-- WORK ITEM --
The task calls for the lines from the start of the entries below through the line with "La linea Anime", given again verbatim, with every picture dropped.

-- Recorded data --
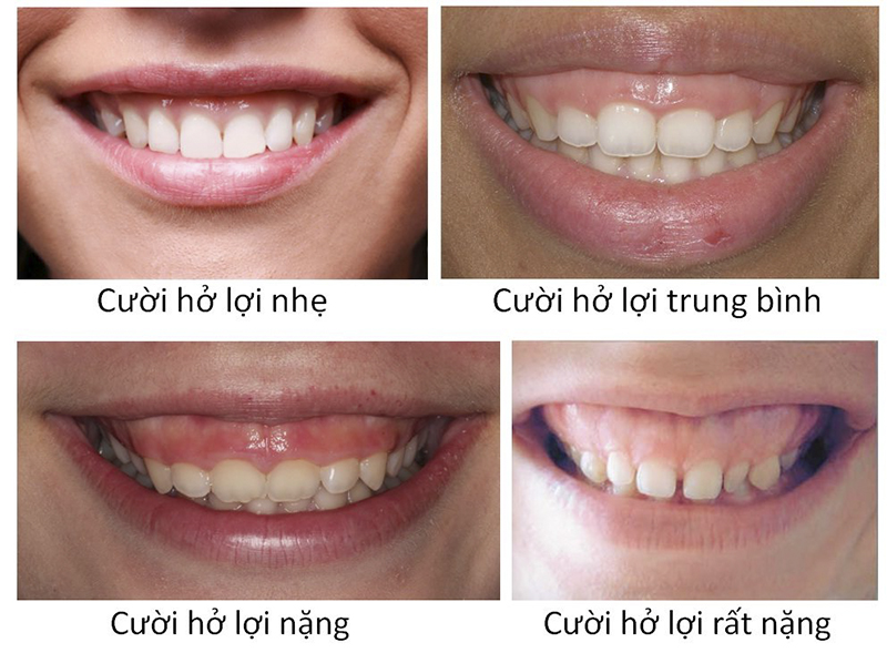 • Môi trên ngắn, lực co vòng môi lớn khiến cho môi bị kéo lên cao hơn bình thường làm lộ nướu quá mức.
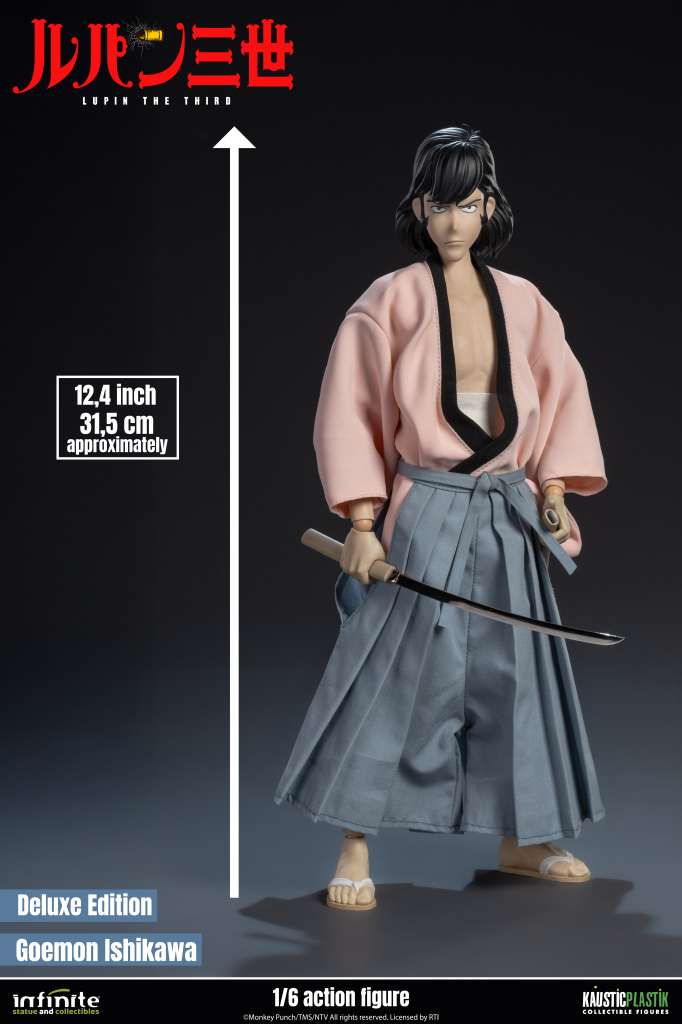 La linea Anime 1/6 di Infinite Statue e Kaustic Plastik, dedicata a Lupin the 3rd Part IV: L’Avventura Italiana, si espande con due nuovi protagonisti: Goemon Ishikawa XIII e Inspector Koichi Zenigata. Dopo il grande successo di Lupin e Jigen, questa collezione continua a conquistare fan e collezionisti grazie a sculture fedeli, articolazioni avanzate, vestiti in stoffa e accessori iconici. Goemon Ishikawa XIII action figure è disponibile in edizione Standard o Deluxe. Un must-have per ogni appassionato di Anime e figure di alta gamma.
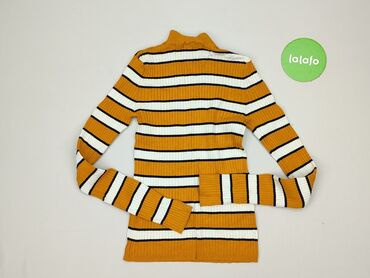 Golf prążkowany w paski - Krój: dopasowany, elastyczny prążkowany splot - Kołnierz: wysoki golf - Rękawy: długie - Długość: tunikowa/za biodra - Wzór: poziome pasy w kolorach musztardowym, białym ...
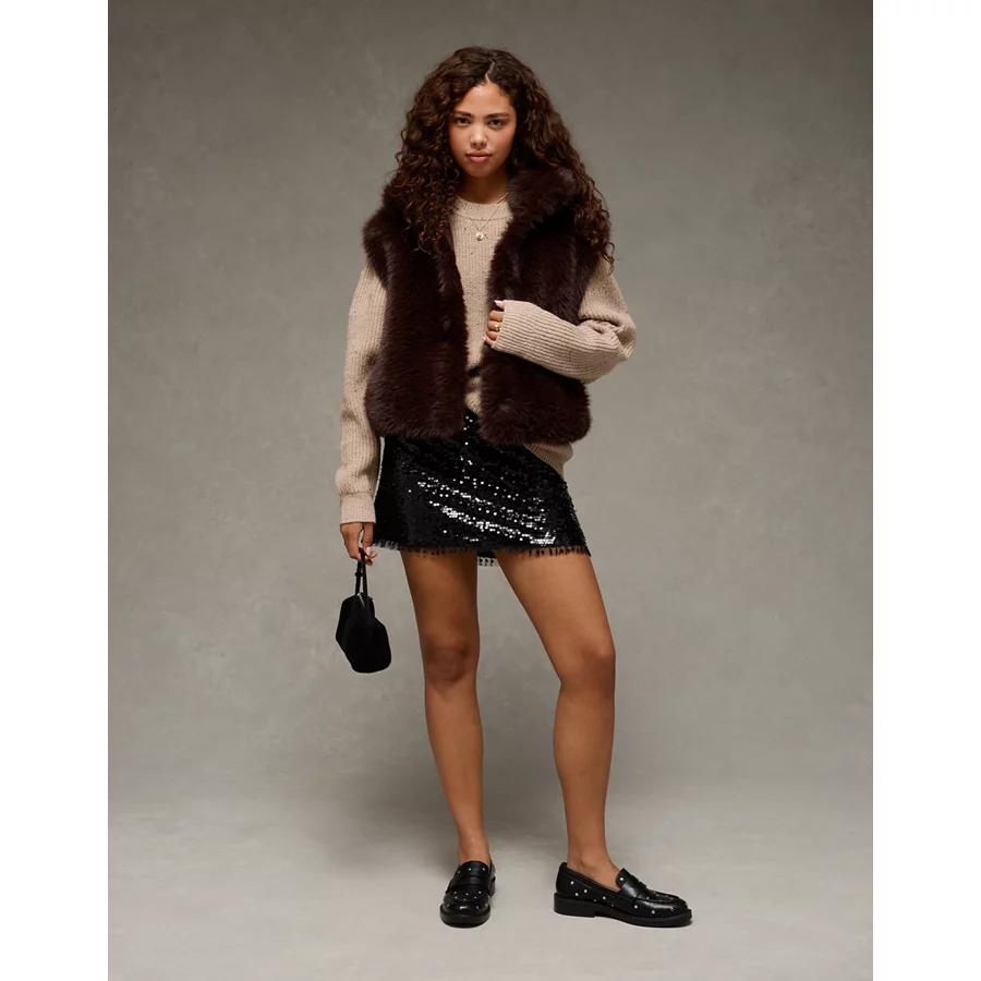 AE Faux Leather Cropped Bomber Jacket - Olive
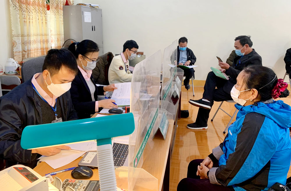 Hiện, NHCSXH tỉnh thực hiện cho vay 17 chương trình. Trong ảnh: Phòng Giao dịch NHCSXH huyện Đồng Hỷ thực hiện giao dịch tại xã.
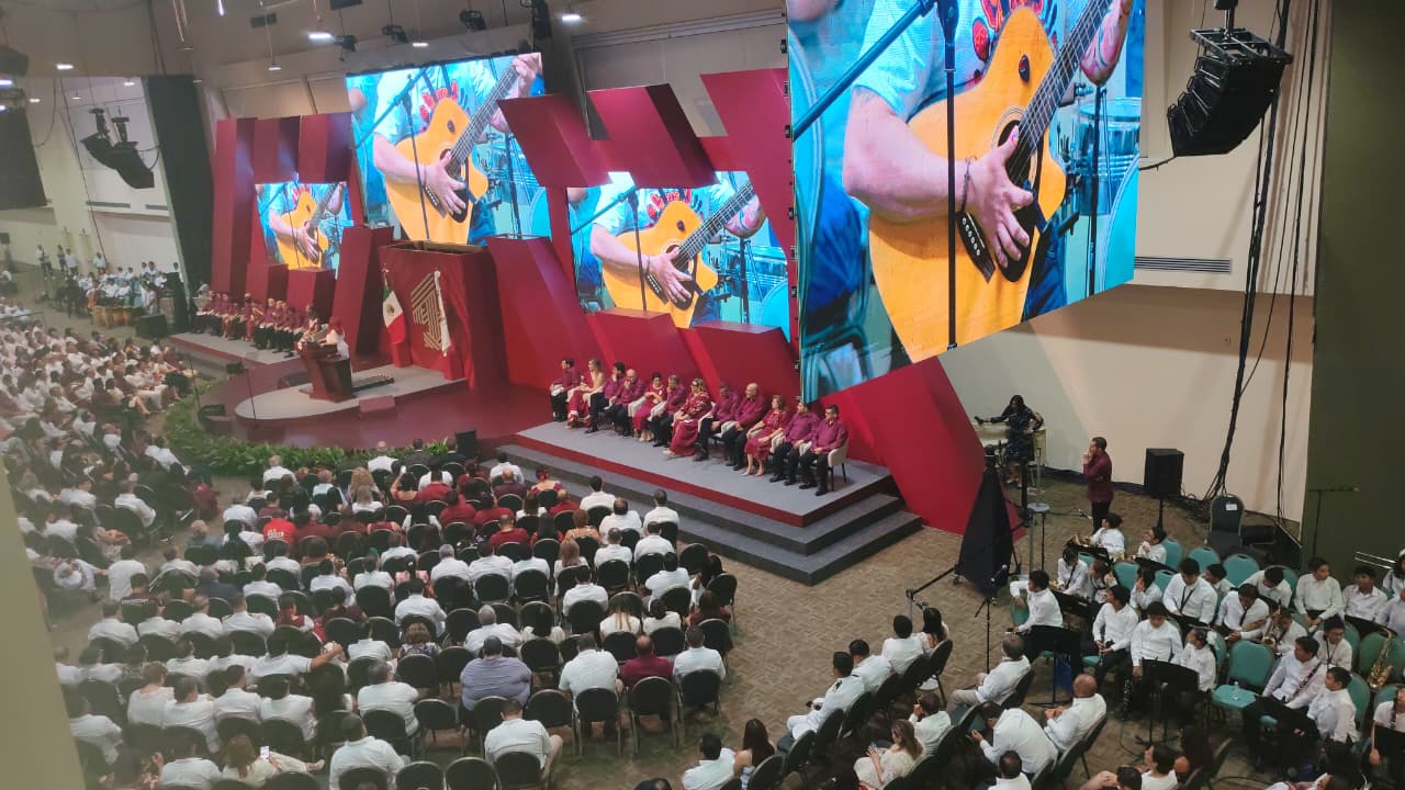 Aunque este año el formato del uniforme recuperó algo de solemnidad, en comparación a los anteriores que fueron verdaderos espectáculos con coreografías de mal gusto, tampoco hubieron logros que resaltar, a pesar que el Gobierno de Sansores Sanromán ha ejercido casi 100 mil millones de pesos en los últimos 4 años.
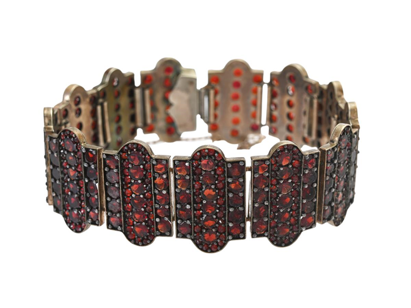 ARMBAND, oädel metall, granater, längd 18 cm, vikt 33,7 g.
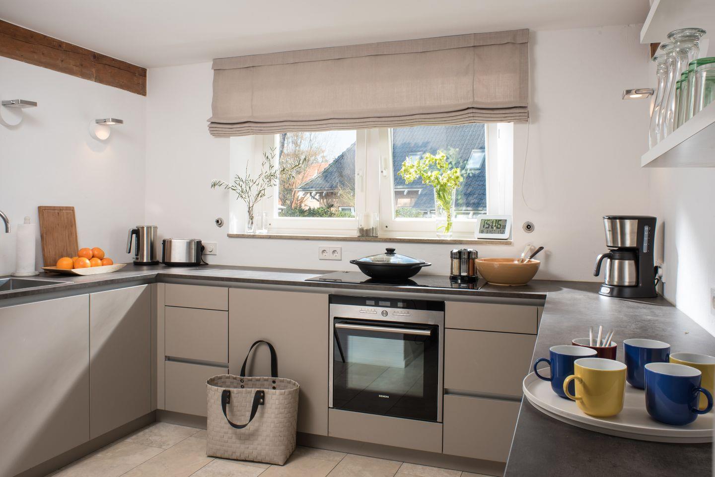 Die offene Küche überzeugt mit ihrer Ausstattung, das Obergeschoss mit ihrer Galerie und der Kamin im Wohnbereich sorgt für wohlige Momente im Urlaub.
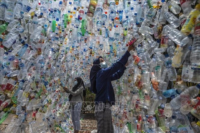 Các nhà bảo vệ môi trường lắp ráp các loại rác thải nhựa làm viện bảo tàng tại Gresik ở phía Đông đảo Java của Indonesia.
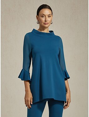 camicetta da donna blu scuro in chiffon modal vestibilità attillata maniche trasparenti elegante leggera traspirante ufficio cena appuntamento casual quotidiano primavera estate autunno
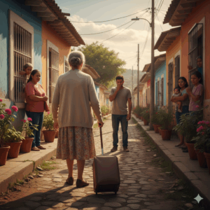 The neighbors were watching too — Doña Marta peering from behind her curtains, Mr. Roberto pretending to water his plants but not taking his eyes off her.
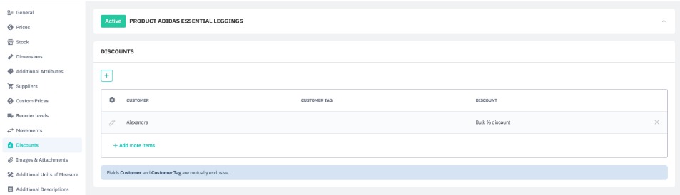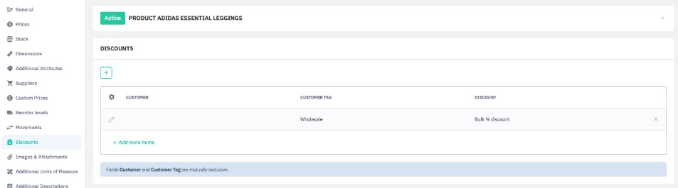 Discounts applied at this level can be applied to just this product, on any sale order and for any customer. To add discounts to all products within a category, brand, or with a specific product tag, use Product Deals.
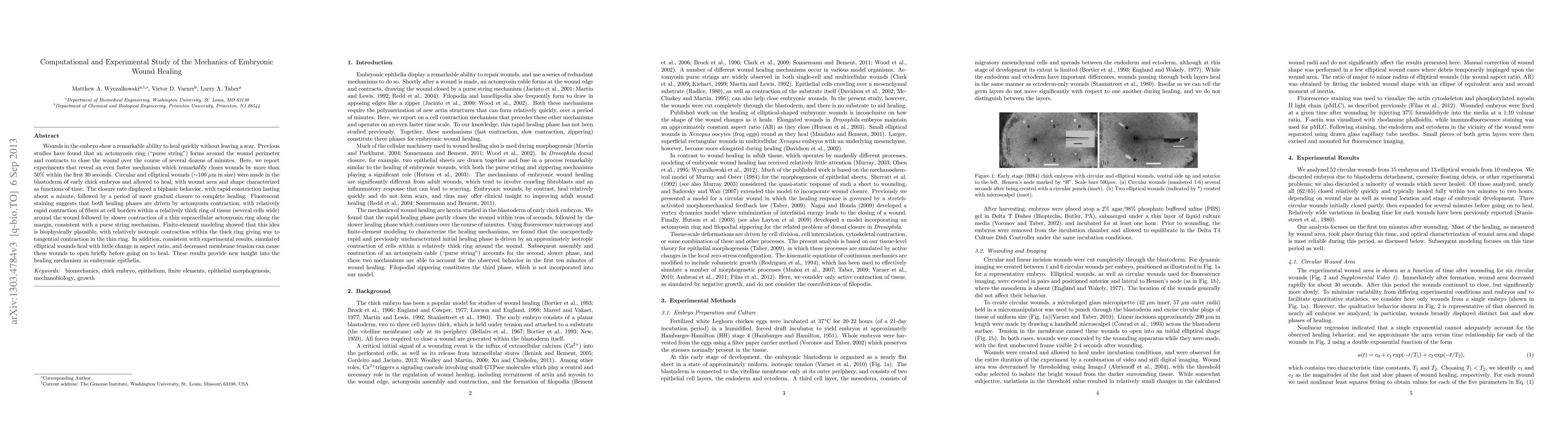 Wounds in the embryo show a remarkable ability to heal quickly without leaving a scar. Previous studies have found that an actomyosin ring ("purse string") forms around the wound perimeter and contracts to close the wound over the course of several dozens of minutes. Here, we report experiments that reveal an even faster mechanism which remarkably closes wounds by more than 50% within the first 30 seconds. Circular and elliptical wounds (~100 um in size) were made in the blastoderm of early chick embryos and allowed to heal, with wound area and shape characterized as functions of time. The closure rate displayed a biphasic behavior, with rapid constriction lasting about a minute, followed by a period of more gradual closure to complete healing. Fluorescent staining suggests that both healing phases are driven by actomyosin contraction, with relatively rapid contraction of fibers at cell borders within a relatively thick ring of tissue (several cells wide) around the wound followed by slower contraction of a thin supracellular actomyosin ring along the margin, consistent with a purse string mechanism. Finite-element modeling showed that this idea is biophysically plausible, with relatively isotropic contraction within the thick ring giving way to tangential contraction in the thin ring. In addition, consistent with experimental results, simulated elliptical wounds heal with little change in aspect ratio, and decreased membrane tension can cause these wounds to open briefly before going on to heal. These results provide new insight into the healing mechanism in embryonic epithelia.
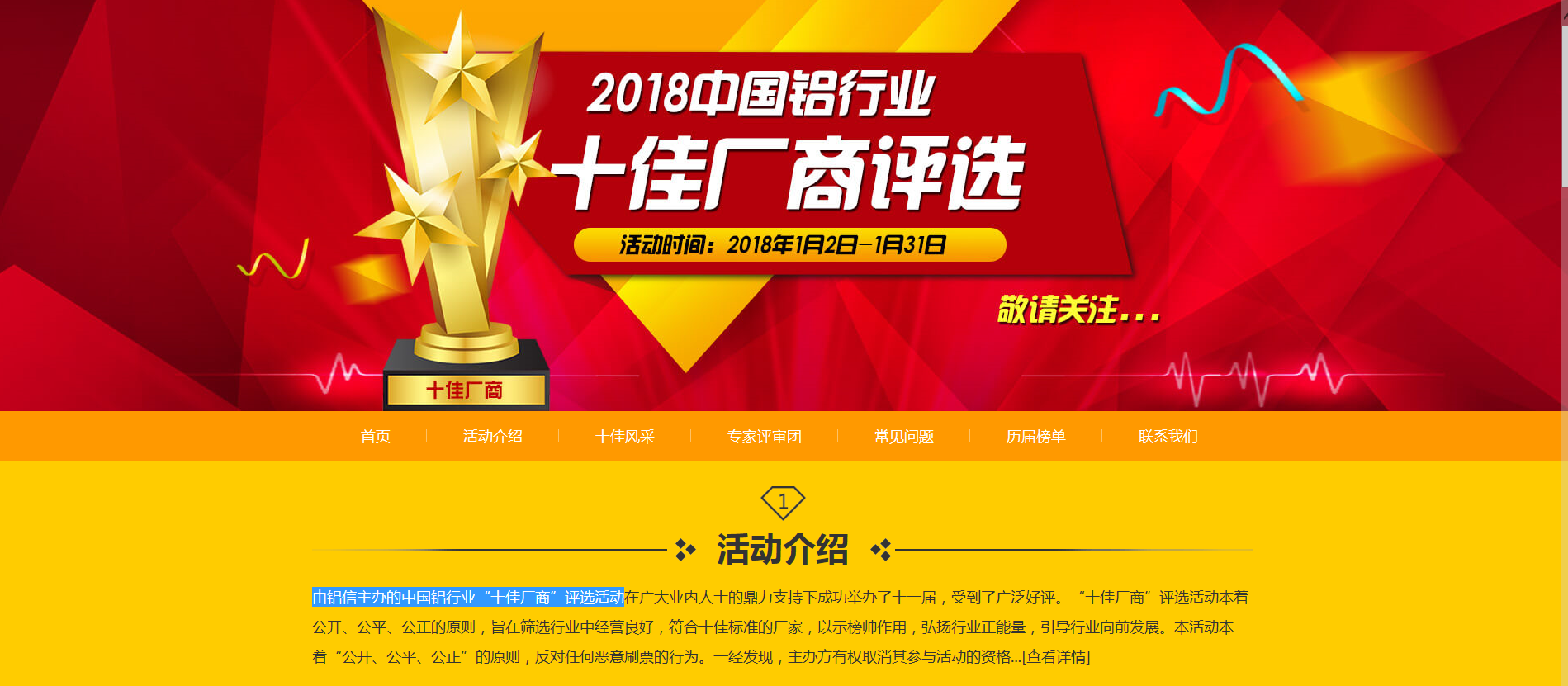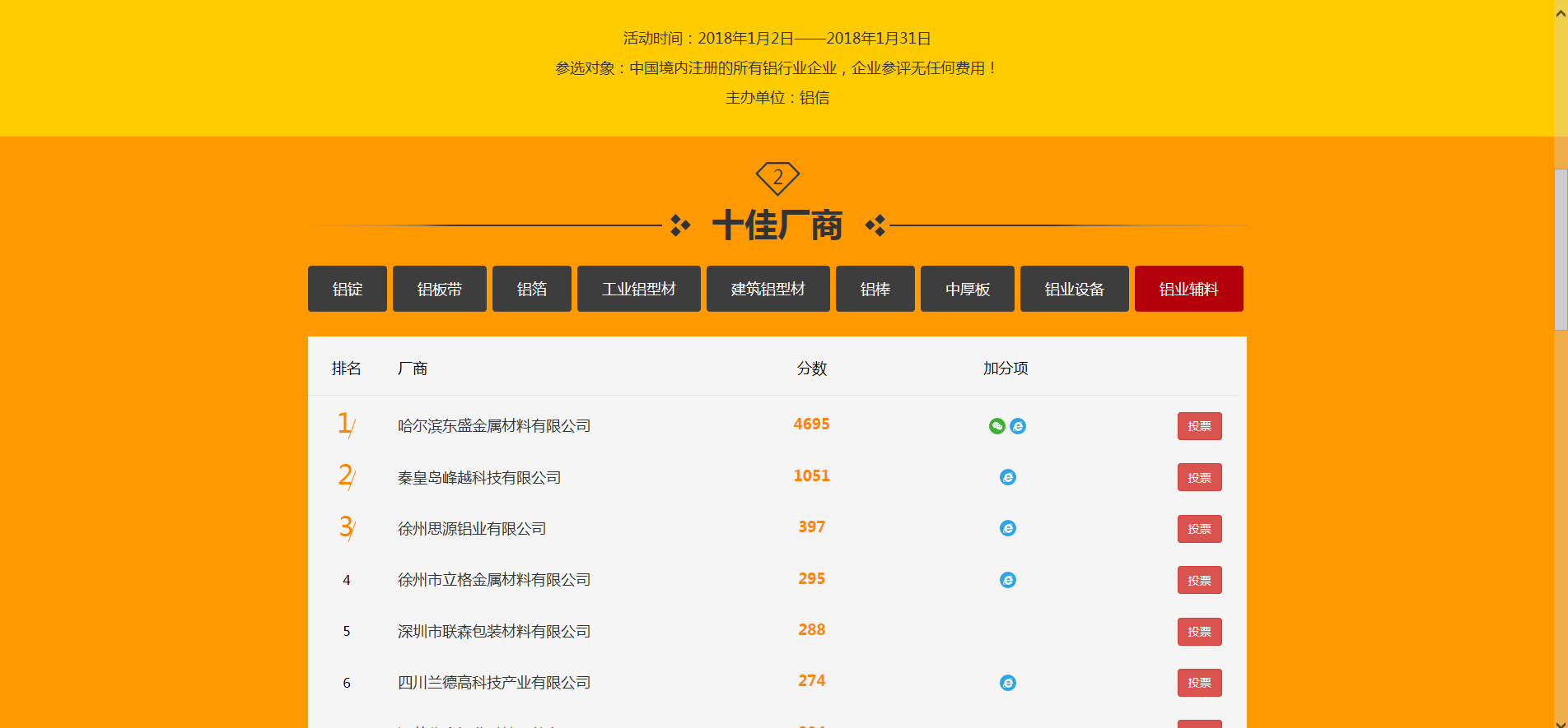 公司參加由鋁信主辦的中國鋁行業(yè)“十佳廠商”評選活動
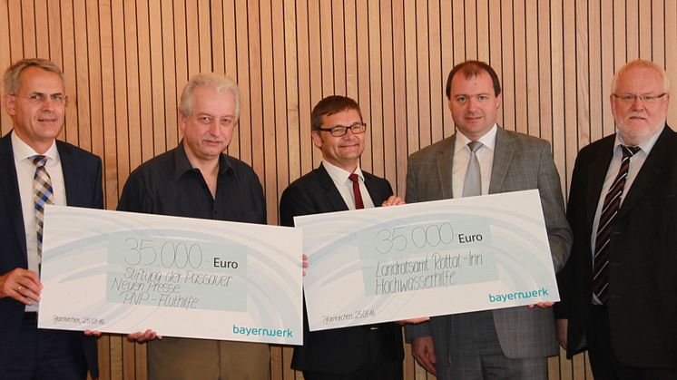 Im Rahmen eines Termins mit Landrat Michael Fahmüller übergab das Bayernwerk eine Spende für die Opfer der Hochwasserkatastrophe im Landkreis Rottal-Inn. In Summe spendet das Energieunternehmen 70.000 Euro. Zudem verzichtet das Unternehmen auf Kostenerstattungen für Reparaturen an kommunalen Energieanlagen und für die Freistellung von Mitarbeitern für den Einsatz bei Feuerwehren oder Technischem Hilfswerk.
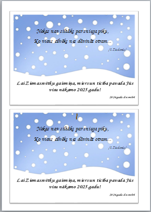 Apsveikums izveidots MS Word lietotnē, lai varētu izdrukāt vairākus apsveikumus un koriģēt to.
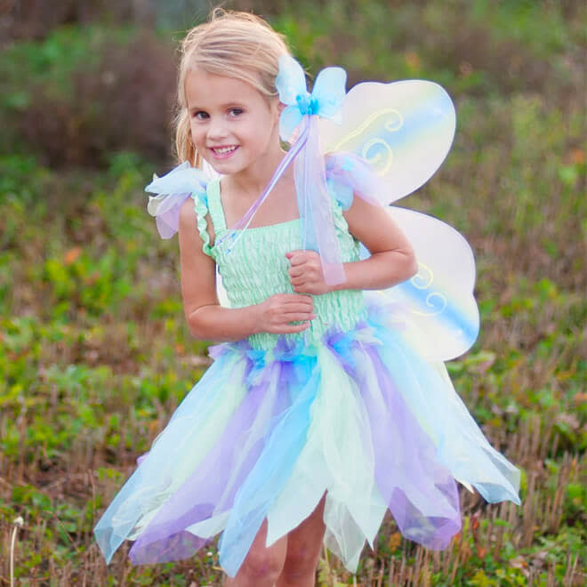 Great Pretenders vlinderjurk, vleugels en toverstaf is een 3-delige set die een klein meisje zal omtoveren in een prachtige fee!
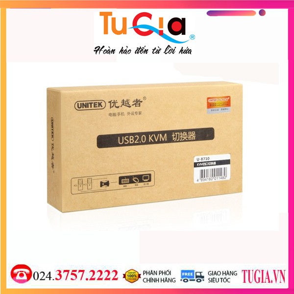 Bộ KVM USB 4-1 Unitek U8710 Chính HãngKVM switch Unitek USB 4 vào 1 ra là bộ chuyển mạch cho case máy tính sử dụng chung một màn hình, một bộ phím chuột cổng USB, một máy in
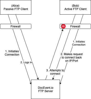 However, an active client attempts to connect back to the server (Point 3), and if the firewall is not configured for this purpose it will drop the request and the FTP connection will fail.
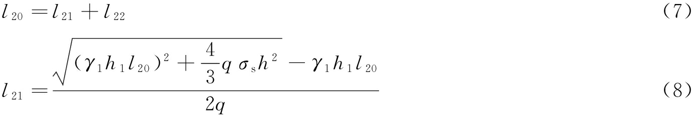 设上位岩层容重为γ1,层厚为h1,老顶上位岩层的破断距为l20,则F=γ1h1l20/2。若老顶第1次破断的破断距为l21,第2次破断的破断距为l22,则根据图4和图5可建立方程组:

-- WORKED SOLUTION --
 • Môi trên ngắn, lực co vòng môi lớn khiến cho môi bị kéo lên cao hơn bình thường làm lộ nướu quá mức.
 La linea Anime 1/6 di Infinite Statue e Kaustic Plastik, dedicata a Lupin the 3rd Part IV: L’Avventura Italiana, si espande con due nuovi protagonisti: Goemon Ishikawa XIII e Inspector Koichi Zenigata. Dopo il grande successo di Lupin e Jigen, questa collezione continua a conquistare fan e collezionisti grazie a sculture fedeli, articolazioni avanzate, vestiti in stoffa e accessori iconici. Goemon Ishikawa XIII action figure è disponibile in edizione Standard o Deluxe. Un must-have per ogni appassionato di Anime e figure di alta gamma.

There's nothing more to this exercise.